La vision : un sens très développé Les singes jouissent d’une vision colorée trichromatique basée sur trois registres de couleurs fondamentaux grâce à des pigments logés dans les cônes de la rétine qui sont sensibles, respectivement, à des longueurs d’ondes proches du jaune, vert et bleu. Ils se distinguent par la perte du tapis réfléchissant situé au fond de la rétine présent chez les autres mammifères, le tapetum lucidum. Cette structure utile pour la vision nocturne est une réminiscence de l’ère secondaire quand les dinosaures et leurs comparses reptiliens en tous genres dominaient dans le monde du jour, obligeant nos lointains ancêtres mammifères à opter pour des modes de vie nocturnes. Toutes les lignées de mammifères ont conservé ce souvenir anatomique, ce qui surprend et, parfois, nous inquiète, quand on croise le regard d’un chat, d’un chien ou d’un lapin dans la nuit. La vision colorée réapparaît chez les singes entre 40 et 30 millions d’années, d’abord chez les femelles, puis chez les mâles. Comment ? Les gènes qui permettent de voir les couleurs se trouvent sur le chromosome 7 et le chromosome sexuel X. Des mutations sur ces gènes ont permis de voir d’autres couleurs et c’est ainsi qu’on passe d’une vision bichromatique répandue chez tous les mammifères à une vision trichromatique chez les singes. Et comme les femelles en ont deux (XX), elles ont été les premières à voir en couleur avant que cela ne s’installe et se stabilise chez les mâles (XY). La vision devient l’organe des sens le plus développé chez les singes au détriment de l’odorat. La convergence des yeux et de leurs orbites de part et d’autre de la racine du nez réduit les fosses nasales, mais favorise une excellente vision de près et des reliefs. Cela s’accompagne d’un système nerveux et cérébral très complexe. Alors que chez les mammifères le nerf optique gauche et ses fibres se projettent sur le lobe occipital droit du cortex cérébral et inversement (les aires visuelles), cette séparation (ou chiasma optique) n’est pas complète chez les singes. Une partie des fibres nerveuses venant de l’œil gauche part sur le lobe occipital du même côté – de même pour l’œil droit – et ce
sont justement ces fibres qui assurent la vision stéréoscopique. Donc, les singes voient très bien de près, en couleur et en relief, ce qui va complètement changer leur vie et, aussi, leur environnement. C’est grâce à cette adaptation que nous pouvons regarder nos écrans, chose impossible pour les autres animaux, excepté les chats.

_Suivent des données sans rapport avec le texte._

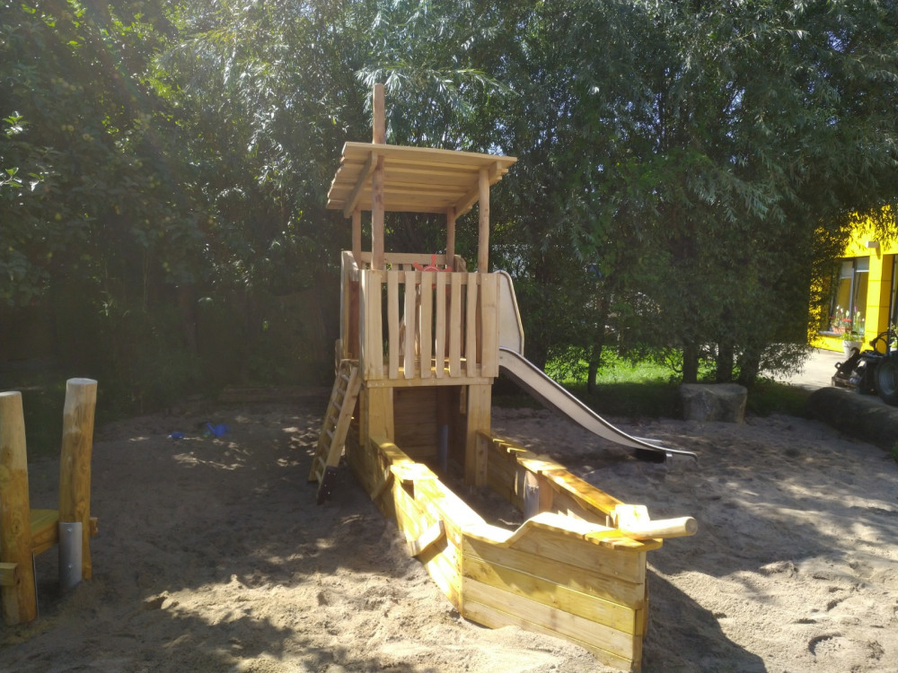 Das Mini-Piratenboot hat eine Podesthöhe von ca. 98 cm

VIVRE LE JOUR ET AVEC LES AUTRES Vivre le jour présente plusieurs avantages : former des groupes et favoriser la vie sociale, trouver des partenaires sexuels, se déplacer plus facilement (surtout dans les arbres), mieux repérer les sources de nourritures, autoriser la diffusion des expériences. La vie en groupe a aussi ses désavantages, comme la compétition pour les ressources alimentaires et la propagation des maladies. La vie diurne présente aussi des inconvénients, comme les risques de prédations, notamment les rapaces, et le stress dû à la chaleur. La vie est toujours un compromis et les singes ont inventé des comportements
Les
couleurs des forêts sont liées à la vision colorée des singes.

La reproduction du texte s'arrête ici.